» **Work instructions**:
Output the first line of the listing and each line after it, up to and including the line that contains "1X MC1466L MOTOROLA", exactly as written, minus the pictures.

» **Data to process**:
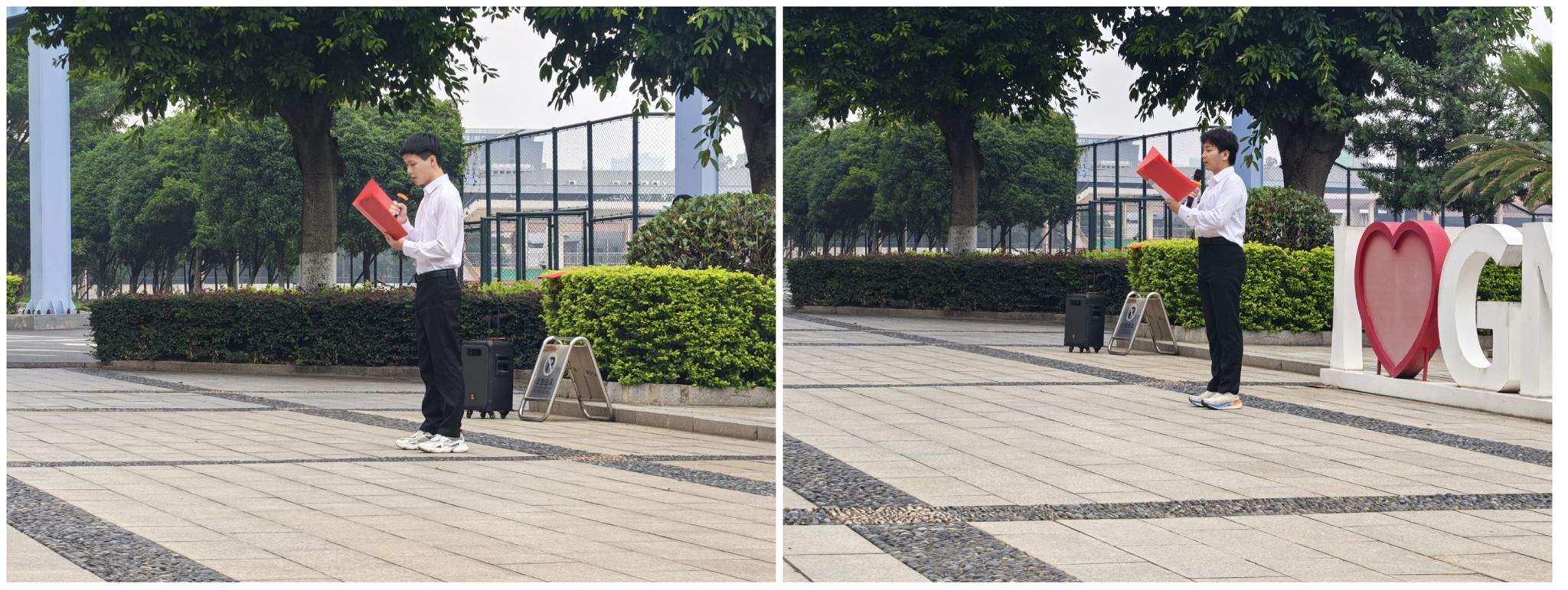 升旗仪式结束后,十佳大学生代表计算机212班孙森、通信212班桂强怀着满腔热忱,在五星红旗下深情演讲。他们结合自身成长经历,用朴实而真挚的语言讲述了在追梦路上不懈奋斗的点点滴滴。从实验室里挑灯夜战的身影,到赛场上百折不挠的坚持;从一次次失败中的自我重塑,到收获荣誉时的感恩回馈,他们的故事不仅是一段段青春奋斗的剪影,更折射出新时代青年勇担使命、砥砺前行的精神风貌。话语铿锵有力,情感真挚动人,现场掌声雷动,激励着每一位在场师生。
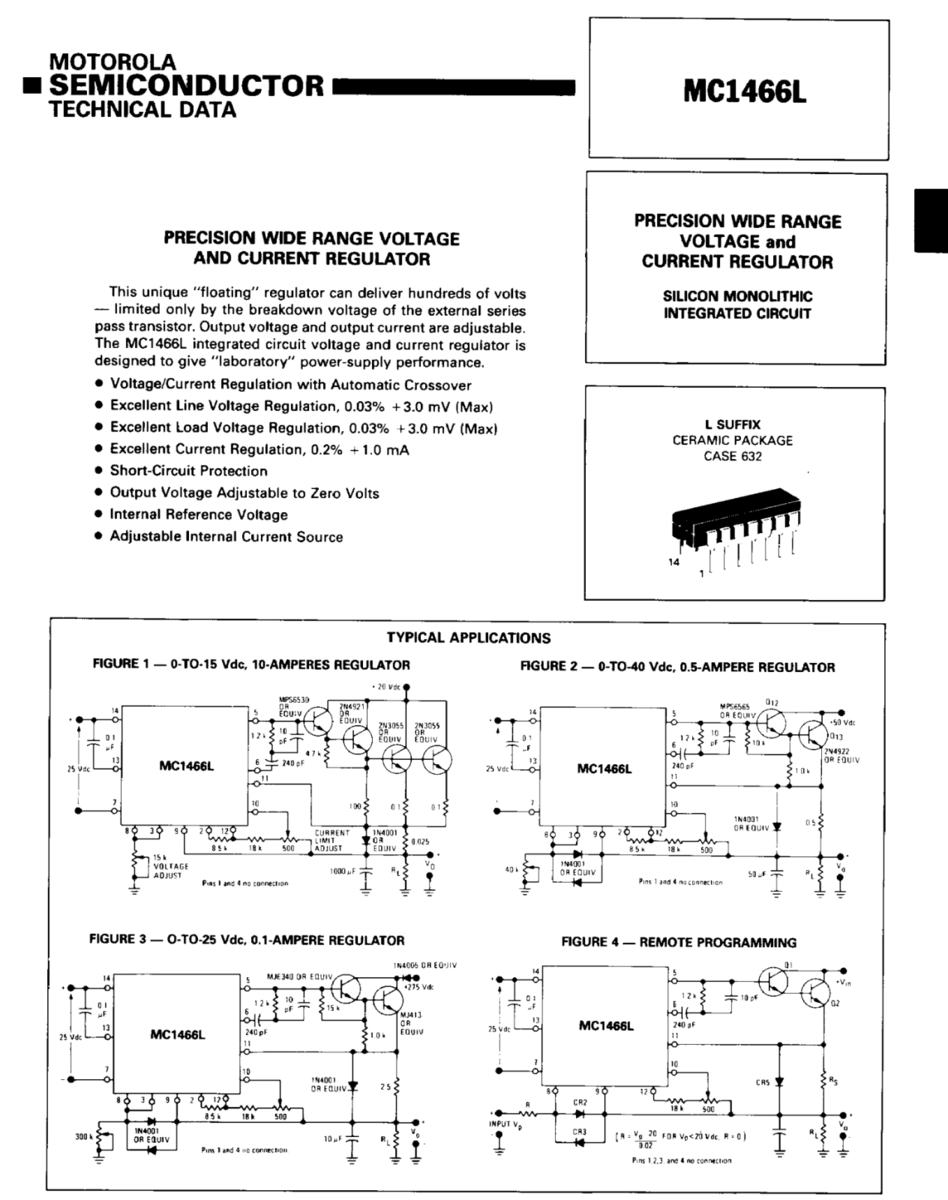 1X MC1466L MOTOROLA Precision Wide Range Voltage and Current Regulator CDIP-14
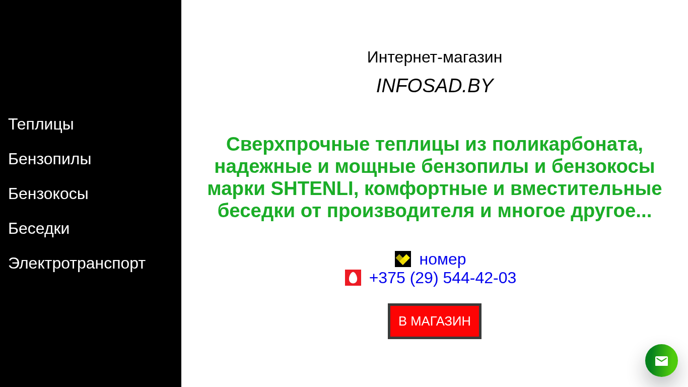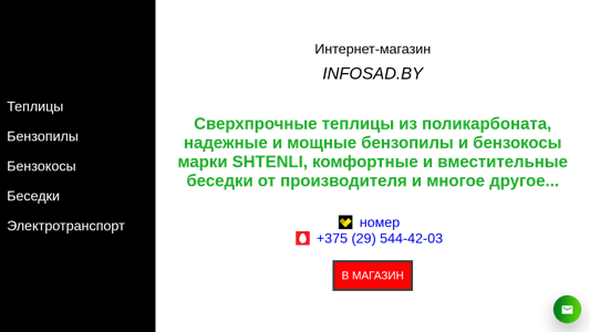 | AI-анализ | language: ru The website is an official e-commerce store selling greenhouse equipment, garden and construction tools, and accessories for landscaping dachas and private properties. The catalog features a wide range of products from Infosad, including greenhouses, greenhouses with polycarbonate panels, gazebos, carports, chain saws, lawn mowers, hedge trimmers, and bench saws. The store is located in Minsk and offers products at manufacturer's prices. Infosad is the official distributor of the garden technology displayed on the site, ensuring that customers receive items at manufacturer-set prices. Suppliers provide quality assurance through warranty commitments and adhere to consistent pricing for both retail and wholesale customers. Key product categories are greenhouses, chain saws, lawn mowers, hedge trimmers, and benchesaws. |
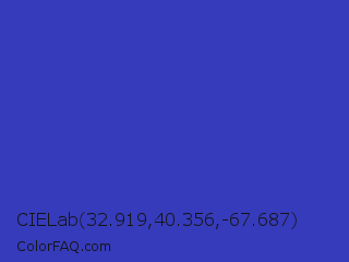 CIELab 32.919,40.356,-67.687 Color is a normal blue color and the nearest color is Governor Bay #2f3cb3. Hex code #363bbb and RGB value is rgb(54,59,187). In RGB color space, this color is composed of 21% red, 23% green, 73% blue, In CMYK color space, this color is composed of 71% cyan, 68% magenta, 0% yellow , 27% black , In HSL color space, this color has a hue angle of 238° , 55% saturation and 47% lightness.
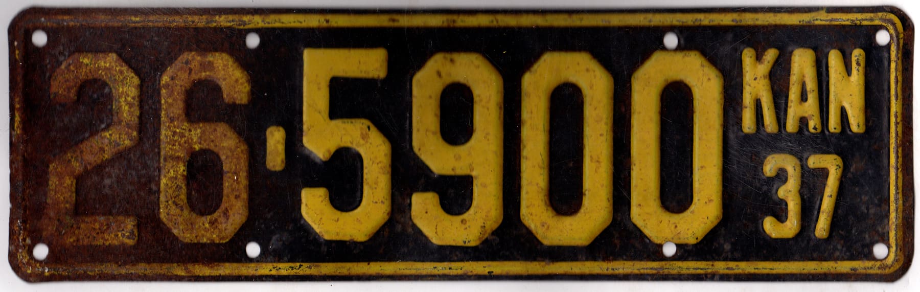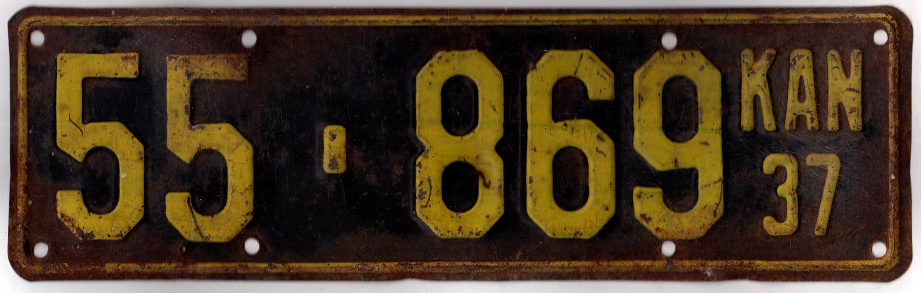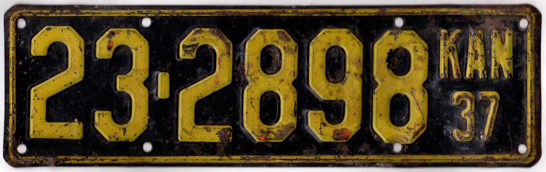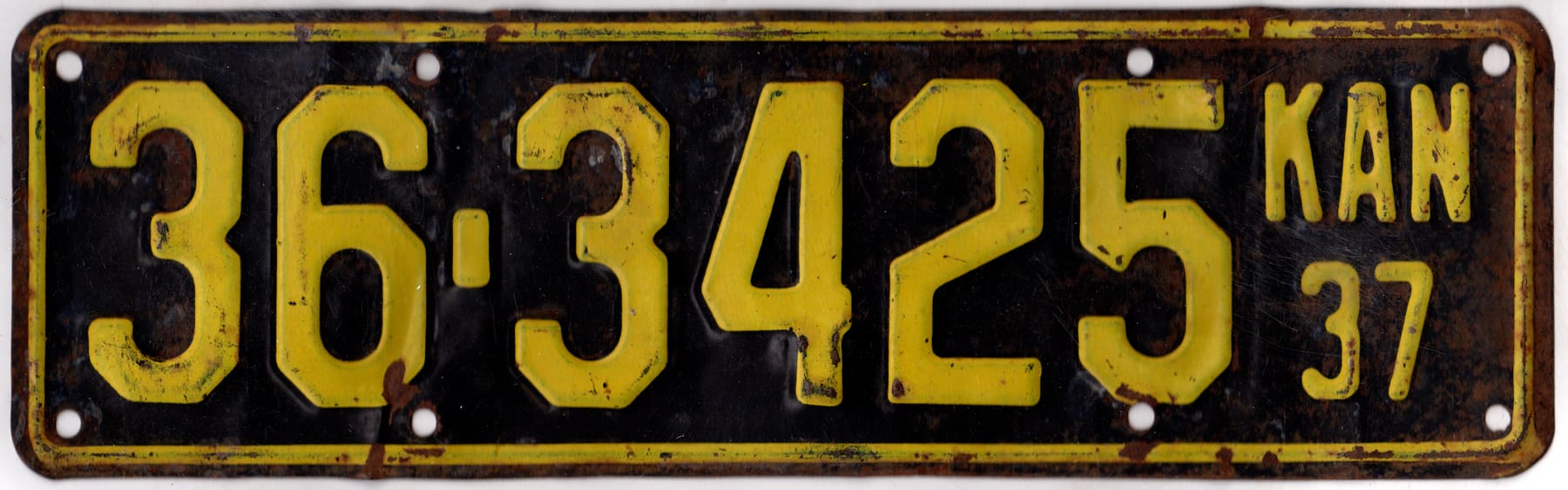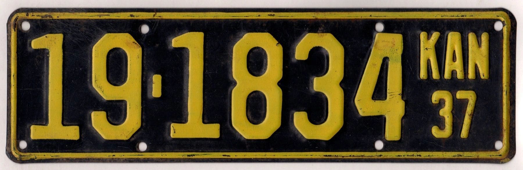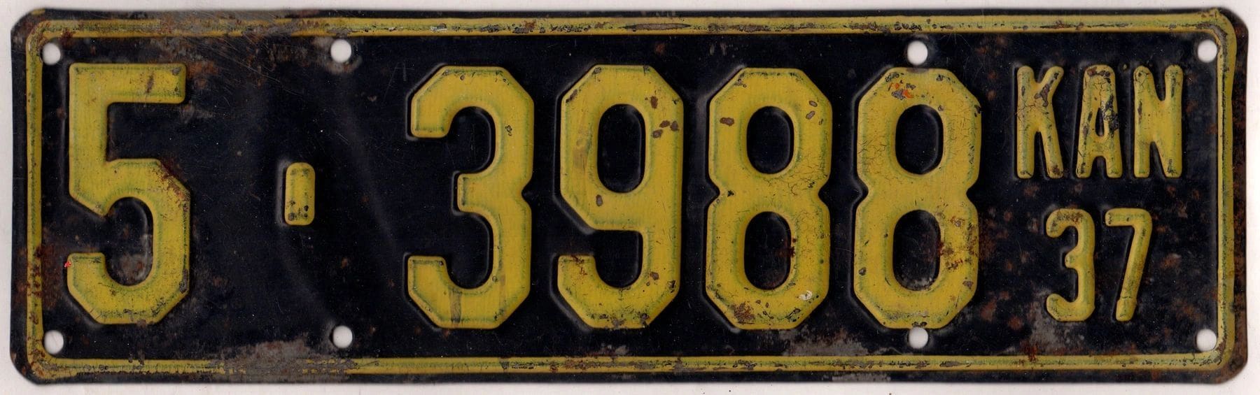 Kansas 1937 car license plate Leavenworth county #7-1105

» **Task answer**:
 升旗仪式结束后,十佳大学生代表计算机212班孙森、通信212班桂强怀着满腔热忱,在五星红旗下深情演讲。他们结合自身成长经历,用朴实而真挚的语言讲述了在追梦路上不懈奋斗的点点滴滴。从实验室里挑灯夜战的身影,到赛场上百折不挠的坚持;从一次次失败中的自我重塑,到收获荣誉时的感恩回馈,他们的故事不仅是一段段青春奋斗的剪影,更折射出新时代青年勇担使命、砥砺前行的精神风貌。话语铿锵有力,情感真挚动人,现场掌声雷动,激励着每一位在场师生。
 1X MC1466L MOTOROLA Precision Wide Range Voltage and Current Regulator CDIP-14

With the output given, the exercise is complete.